Smith and his allies also hope that another possible advantage of rebranding MDMA as a “natural” medicine is that achieving reform might be easier. In recent years, Oregon and Colorado have established legal frameworks for plant-based-assisted therapies and decriminalized the possession of mushrooms and natural psychedelics at the state level. Meanwhile, city councils in places like Oakland, Santa Cruz, and Ann Arbor have passed resolutions to make natural psychedelics the lowest priority of local law enforcement. This effectively prevents police from using funds to pursue people for possessing or using them.
“We’ve learned from polling like we did in Oregon [and]Colorado that we can pass plant-based medicines, but synthetics are a bridge too far,” said David Bronner, CEO of Dr. Bronner’s soap and a major advocate in the psychedelic movement. “MDMA derived from natural sources just sounds a lot better, even though it’s not anything different from a safety perspective,” he said. “But just for electoral voting reasons, that’s a way better framework.”
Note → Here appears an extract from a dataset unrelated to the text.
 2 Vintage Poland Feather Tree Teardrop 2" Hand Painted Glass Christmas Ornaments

Still, there’s a long way to go before Ford’s dream of fair-trade, sustainably-grown MDMA can become a reality. According to Martins, he would need to go back to planting the Piper hispidum plant himself to reach the global scale that Smith is promising, which would require buying more land, hiring specialists, and investing heavily in irrigation and transport. In 2020, Martins quoted Smith 1.5 million reais (USD $256,764.37), which is probably much higher after adjustments for inflation. The hope that Lykos will buy the fair-trade version and psychedelic activists will get measures on future ballots or get resolutions passed by city councils also remains purely within the realm of speculation.
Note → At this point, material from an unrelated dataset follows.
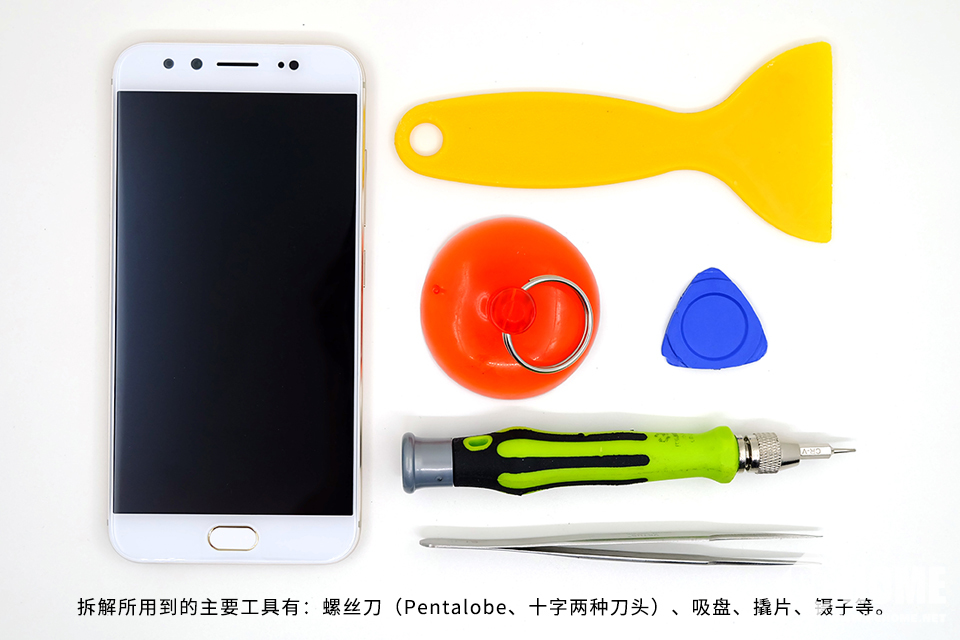 拆解所用到的主要工具有:螺丝刀(Pentalobe、十字两种刀头)、吸盘、撬片、镊子等。

Yet Martins says that the piper plant can benefit the environment. It flourishes in cattle lands that have been deforested by Brazil’s powerful agriculture industry and thus has great potential for reforestation. Given that the black market ecstasy trade has also decimated forests in Cambodia, where the rare safrole-producing Mreah Prew Phnom tree grows, threatening one of the last rainforests in Southeast Asia and polluting its rivers, Martins’ sustainable approach also offers a more environmentally conscious method of cultivating safrole-producing plants for MDMA.
More important than the marketing language used to rebrand MDMA, however, is how much this process is going to cost compared to current ways of manufacturing the drug legally on a mass scale. “That’s going to be the real driving force,” Doblin said. Furthermore, what will really drive sales if and when MDMA is legalized is the data and stories of people who’ve been through the therapy and benefited from it, Doblin continued. “If you’re trying to help people feel more comfortable with MDMA, the preparation, the integration, and all that is way more important than this idea.”
For now, the notion of plant-based and fair-trade MDMA is just a conversation by psychedelic movement insiders that paints a rosy picture of what a sustainable plant medicine supply chain could be. “Right now,” said Bronner, “it’s just a fantasy.”